Paper: Fred Newman, Key Energy Services, Inc.
Price
$7.50
Fresh Water Seal Flush for Water Injection Pumps
Presenters: Kyle B. Carnahan; Mobil E & P US Inc.

This study was performed at Mobil Salt Creek Field Unit in Kent County, TX and consisted of mechanical seal failures for Bingham split case centrifugal injection pumps. For individuals who are unfamiliar with the operation or function of mechanical seals, a reference is included in the study (see Appendix A - Fundamentals of Mechanical Seals). Due to the injection of C02, in addition to water, into the Mobil Salt Creek reservoir for increased oil production, the associated composition of the reservoir water changed greatly. The total suspended solids (TSS), total dissolved solids (TDS), pH, and entrained gases in the produced water changed dramatically from the former water flood or water driven reservoir.
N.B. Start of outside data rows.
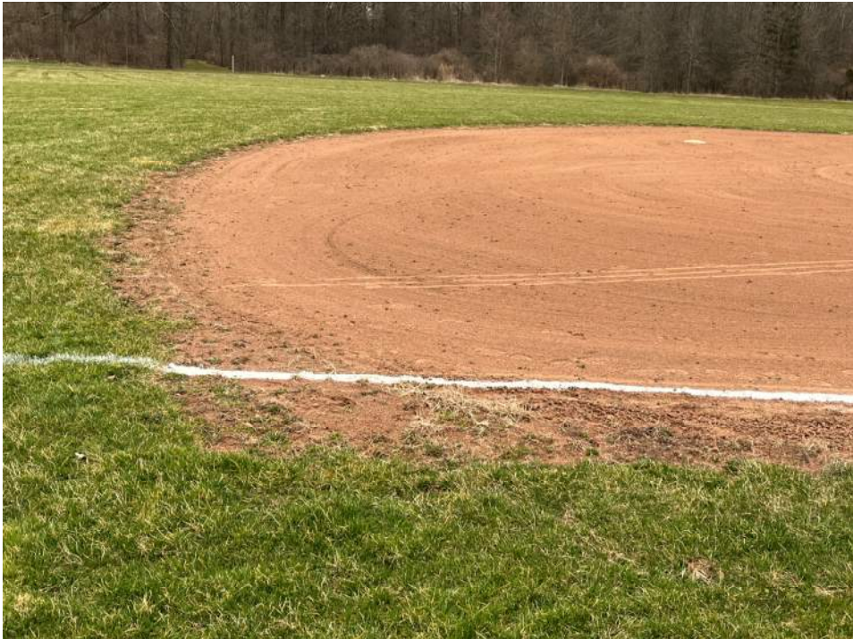
Typical existing clay infield to grass outfield edge condition – Add clay and straighten edge.
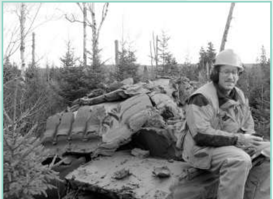
Close-up of massive, pure, plastic clay that characterizes these deposits.
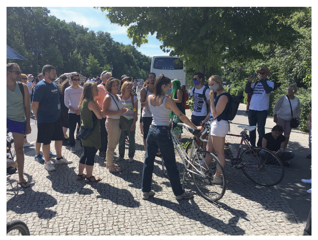
Fig. 2 Demonstrators and counter-demonstrators trying to talk to each other. Berlin. August 1, 2020.

West Berlin in the late 1970s and early 1980s. Many protesters carry homemade cardboard signs with sometimes very long messages in German:
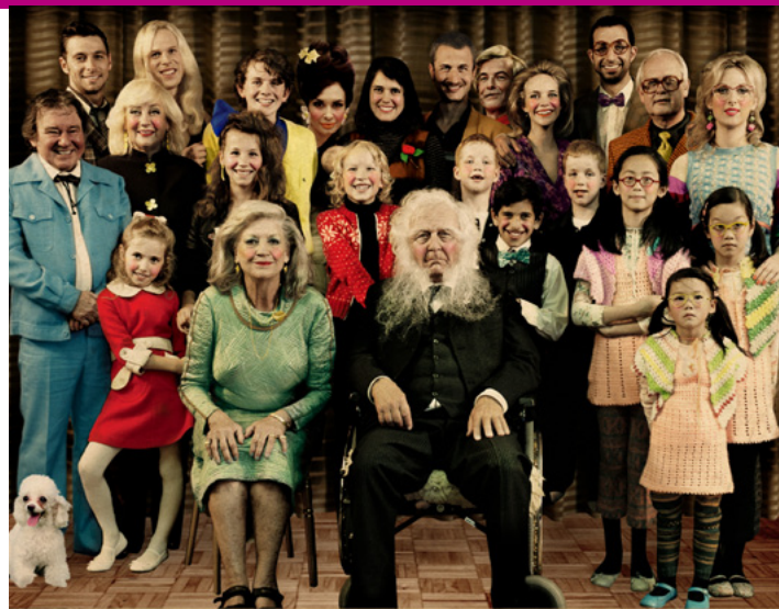
Het Gordijnpaleis van Ollie Hartmoed produced by Lemming Film co-produced by Willy Waltz (NL), A Private View (BE) and broadcaster VPRO, VRT. Developed with the support of the MEDIA Programme (Slate Funding). Released December 2011
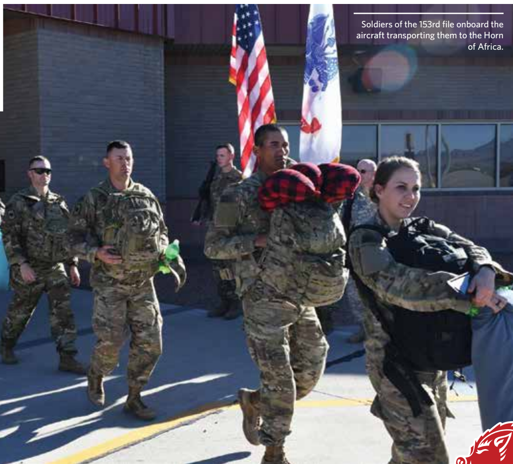
Soldiers of the 153rd file onboard the aircraft transporting them to the Horn of Africa.
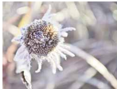
"Fractal -001" by Alicia Armentrout

614 S. 11th St. 402-345-1576 www.bluebarn.org Standing on Ceremony: The Gay Marriage Plays—January 8-10 and 15-17 Two little words and suddenly your whole world changes. Unique takes on the moments before, during and after "I do."
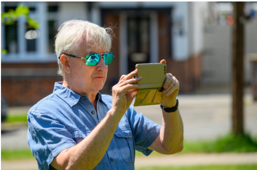
Charles captures the moment
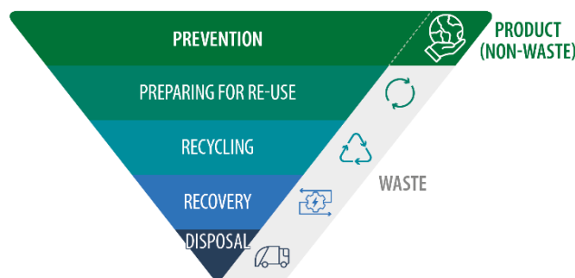
Figure 3 – Waste hierarchy

The Waste Framework Directive – last updated in 2018 – is the EU's legal framework for waste management. It sets out the definitions relating to waste management, waste, recycling and recovery. The directive's Article 4 establishes the five-step 'waste hierarchy', which is the foundation of EU waste management (see Figure 3), establishing an order of preference for managing and disposing of waste. The prevention of food losses and waste is a top priority in this hierarchy.
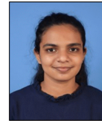
210829L GURUGE UN
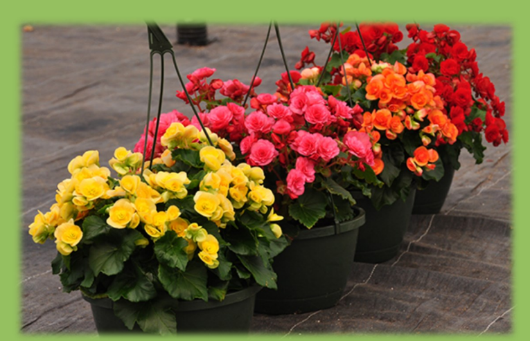
10" Hanging Basket Amstel Blitz, Netja Dark, Carneval, Barkos
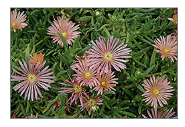
Mesa Verde Ice Plant flowers

Consequently, when there were any changes in pressure or increases in temperature, solids, scaling, or "salting" was occurring. This increase in temperature or pressure drop can be quite common when dealing with the mechanical seal system. The mechanical seal system consists of three (3) items. Those items are water composition, seal material selection/design, and seal flush system. This brought to light the complexity of the mechanical seal issue.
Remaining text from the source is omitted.